How do you know if something is a yes?
Regan: I love the Greg McKeown approach. He suggests ranking your opportunities on a scale from 1 to 100. If the invite or request ranks below a 90, move it to a 0 and politely decline. In other words, it’s only a yes if it’s a hell yes.
As an entrepreneurial mom, what does the whole concept of “balance” mean to you?
Regan: I think balance is bunk. Unattainable. And you know what? That’s totally fine. Be on tilt about what you’re prioritizing, and when you get it, celebrate it—without wishing you had it all, whatever that means. I don’t think anyone has it all, at least not all at once. We need to stop pretending balance is a thing, because it’s a unicorn. And it’s making working moms the world over feel like they’re failing when they’re not.
No mama is an island. Who’s on your support team?
Regan: My biggest supporter is also my forever crush. Nick, who I’m lucky enough to be married to, who is thriving in his career while fully supporting and encouraging mine, too. There are times he’ll come straight off a week of travel and dive directly into solo parenthood so I can jet off next, always with a smile. He’s my number 1, and we invest time with each other accordingly. We prioritize date nights and vacations alone. We put the girls to bed early and sit on the porch and drink wine. We never stop dating. Learning how to nurture a good relationship didn’t come easily, by the way. I was actually married before, and it was all wrong, and we subsequently divorced. One lesson I learned was that we never carved out moments for each other. We spent a lot of time with his family or my family or with couple friends, but not as a unit. I actually learned that lesson on a bigger scale, too: When I didn’t prioritize meaningful relationships, I didn’t have them. I prioritize them now—with Nick, with family, with friends. And aside from Nick, I have a group of girlfriends all over the country who are like my personal board of directors—my cheerleaders, my truth tellers, my advisors. I’m so grateful.
Shed your shoulds.
Embrace your “nos” and makes your yeses count.

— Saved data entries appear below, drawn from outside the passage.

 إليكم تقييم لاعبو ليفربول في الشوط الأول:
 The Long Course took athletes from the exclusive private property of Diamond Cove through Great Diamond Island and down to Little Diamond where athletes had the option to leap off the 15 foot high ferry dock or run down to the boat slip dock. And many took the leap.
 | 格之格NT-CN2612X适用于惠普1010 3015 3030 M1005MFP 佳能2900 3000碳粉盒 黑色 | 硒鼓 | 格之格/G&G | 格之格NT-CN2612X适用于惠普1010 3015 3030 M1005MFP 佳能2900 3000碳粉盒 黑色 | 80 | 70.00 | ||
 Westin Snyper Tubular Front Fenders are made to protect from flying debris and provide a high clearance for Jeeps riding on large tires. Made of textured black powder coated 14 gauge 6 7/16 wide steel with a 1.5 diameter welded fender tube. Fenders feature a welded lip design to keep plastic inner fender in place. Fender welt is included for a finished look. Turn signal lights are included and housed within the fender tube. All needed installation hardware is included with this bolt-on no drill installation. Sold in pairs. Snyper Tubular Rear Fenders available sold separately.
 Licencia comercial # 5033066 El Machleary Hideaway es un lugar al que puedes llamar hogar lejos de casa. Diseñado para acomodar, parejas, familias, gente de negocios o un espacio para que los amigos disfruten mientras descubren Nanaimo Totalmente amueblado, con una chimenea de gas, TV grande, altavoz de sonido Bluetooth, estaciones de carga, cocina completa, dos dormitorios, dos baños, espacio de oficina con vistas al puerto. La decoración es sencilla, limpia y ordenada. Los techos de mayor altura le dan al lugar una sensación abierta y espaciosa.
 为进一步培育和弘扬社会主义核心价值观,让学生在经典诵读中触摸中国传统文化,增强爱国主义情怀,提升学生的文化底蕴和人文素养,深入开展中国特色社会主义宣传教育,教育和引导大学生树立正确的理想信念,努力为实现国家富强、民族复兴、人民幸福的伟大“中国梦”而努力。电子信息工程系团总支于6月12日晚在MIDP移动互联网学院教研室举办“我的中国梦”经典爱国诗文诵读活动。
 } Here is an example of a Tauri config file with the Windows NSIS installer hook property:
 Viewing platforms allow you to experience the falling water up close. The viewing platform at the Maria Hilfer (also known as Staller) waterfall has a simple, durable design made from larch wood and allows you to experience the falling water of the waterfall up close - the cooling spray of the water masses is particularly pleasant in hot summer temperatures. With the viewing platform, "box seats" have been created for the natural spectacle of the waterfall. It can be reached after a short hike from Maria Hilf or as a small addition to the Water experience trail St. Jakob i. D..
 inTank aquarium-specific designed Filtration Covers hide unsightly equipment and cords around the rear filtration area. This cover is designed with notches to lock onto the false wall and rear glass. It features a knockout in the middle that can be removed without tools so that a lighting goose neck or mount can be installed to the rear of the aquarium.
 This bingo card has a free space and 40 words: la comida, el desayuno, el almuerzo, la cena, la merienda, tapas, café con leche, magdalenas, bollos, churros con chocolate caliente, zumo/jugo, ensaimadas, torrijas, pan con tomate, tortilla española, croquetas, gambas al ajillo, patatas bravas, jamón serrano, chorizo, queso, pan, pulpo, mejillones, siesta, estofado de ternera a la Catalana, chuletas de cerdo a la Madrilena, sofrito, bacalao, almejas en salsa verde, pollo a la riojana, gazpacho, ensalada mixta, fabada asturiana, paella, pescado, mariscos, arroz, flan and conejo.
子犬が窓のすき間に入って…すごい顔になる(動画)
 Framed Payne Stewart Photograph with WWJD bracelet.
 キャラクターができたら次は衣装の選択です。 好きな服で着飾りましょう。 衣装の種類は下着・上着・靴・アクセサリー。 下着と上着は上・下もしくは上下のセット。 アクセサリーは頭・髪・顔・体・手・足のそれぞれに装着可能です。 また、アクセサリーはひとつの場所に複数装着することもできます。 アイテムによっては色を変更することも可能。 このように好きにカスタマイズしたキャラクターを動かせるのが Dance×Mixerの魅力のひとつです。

My third piece of advice seems simple, but it’s really quite effective when you’re unsure what to do in any given situation, be it work or parenting or relationships. And that is this: Just take the next best step. Sometimes, we want to get from Point A to Point Z, and it can feel daunting and confusing and even paralyzing. You don’t even have to get from Point A to Point B in one move. Just take the next best step. I’ll be rooting for you.